Why Not Just Blog?

Wednesday, September 16, 2009

3-Day Novel Contest and me

Just over a week ago, I participated in the 3-Day Novel Contest. This contest is very appropriately named, as it requires its contestants to write a novel in three days, over the Labor Day weekend.

Perhaps "novel" isn't the right word. They state that the average entry is 100 double-spaced pages. My 92 page entry clocked in at just over 24,000 words; a far cry from novel length these days, maybe even insatisfactory for a novella. But, forgetting for a minute the juxtaposition of people reading less, and books getting longer and less approachable, I am still very proud of my entry into this contest and consider its length sufficient. After all, it's not how big it is, but how you use it that matters.

The whole thing started, for me, just after the stroke of midnight and I wrote until about 4am. "Wrote" meaning that I redid the first three pages six times, mostly coming out the same, and hitting myself for it being shitty, until I finally went to sleep.

The theme of knowing what I was writing was shitty would continue through the whole process. To this minute, I still consider the whole thing to be a disaster as far as readability, character development, and plot are concerned. This concerns me, as I usually consider my stories to be the best thing since sliced bread, and they often turn out pretty alright.

Time did a funny thing while I was writing. Time just seemed to disappear. I would look up after finishing an almost-page-long scene and an entire hour had passed. It did not feel as though an hour had passed, it felt more like ten minutes had, but I trusted my clock enough to believe that, in fact, an hour had passed. It was as though I had entered a separate place in time, aging at one-sixth the normal rate.

Hunger operated along those same lines. Over the entire weekend, I ate two plates of nachos, a can of salt and vinegar Pringles, and a beef stick. I drank almost constantly, whether it be water, coke, or grapefruit juice.

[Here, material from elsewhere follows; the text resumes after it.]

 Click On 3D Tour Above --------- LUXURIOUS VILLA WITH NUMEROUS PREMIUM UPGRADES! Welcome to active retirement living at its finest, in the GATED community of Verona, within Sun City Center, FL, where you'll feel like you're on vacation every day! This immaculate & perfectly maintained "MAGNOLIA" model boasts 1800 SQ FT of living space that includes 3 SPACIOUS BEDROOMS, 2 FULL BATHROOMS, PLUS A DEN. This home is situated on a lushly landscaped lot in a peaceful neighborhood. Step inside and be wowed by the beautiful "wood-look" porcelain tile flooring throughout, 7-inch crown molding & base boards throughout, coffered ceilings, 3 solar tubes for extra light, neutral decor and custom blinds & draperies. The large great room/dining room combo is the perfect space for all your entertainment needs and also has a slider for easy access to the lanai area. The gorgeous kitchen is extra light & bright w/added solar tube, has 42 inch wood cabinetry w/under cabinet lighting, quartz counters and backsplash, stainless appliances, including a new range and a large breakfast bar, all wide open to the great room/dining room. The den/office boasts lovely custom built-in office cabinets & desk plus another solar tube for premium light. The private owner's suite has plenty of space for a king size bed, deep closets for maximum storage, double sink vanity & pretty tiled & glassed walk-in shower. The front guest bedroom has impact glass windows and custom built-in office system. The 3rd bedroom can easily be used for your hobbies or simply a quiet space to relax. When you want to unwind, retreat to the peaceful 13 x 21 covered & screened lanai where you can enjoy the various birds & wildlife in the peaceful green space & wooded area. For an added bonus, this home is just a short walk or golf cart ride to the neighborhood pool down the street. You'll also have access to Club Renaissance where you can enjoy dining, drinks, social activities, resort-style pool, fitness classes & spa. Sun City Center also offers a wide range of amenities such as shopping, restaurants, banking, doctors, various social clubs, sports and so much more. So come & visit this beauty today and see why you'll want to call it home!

And that's it. Not half as elegant as I wanted to describe the process, but whatever. More to come when I feel comfortable letting folks read it.

Thursday, August 27, 2009

They still call him "The Elephant"

"See that?" General Maximillion Johanasson asked.

His troops replied with a unanimously, and hearty, "Sir, yes, sir!"

"Know what it is?" was the follow-up question.

A less hearty, "Sir, no, sir."

The general did not smile and began pacing, "That, my boys, is a live satellite image of the most fortified bunker in the entire world. It's got fences made of linked razor wire topped with barbed wire; triple thick doublesteel walls; a camera grid with redundant coverage of every area within a quarter mile; automated defense turrets with machineguns powerful enough to blow a sunroof in a tank."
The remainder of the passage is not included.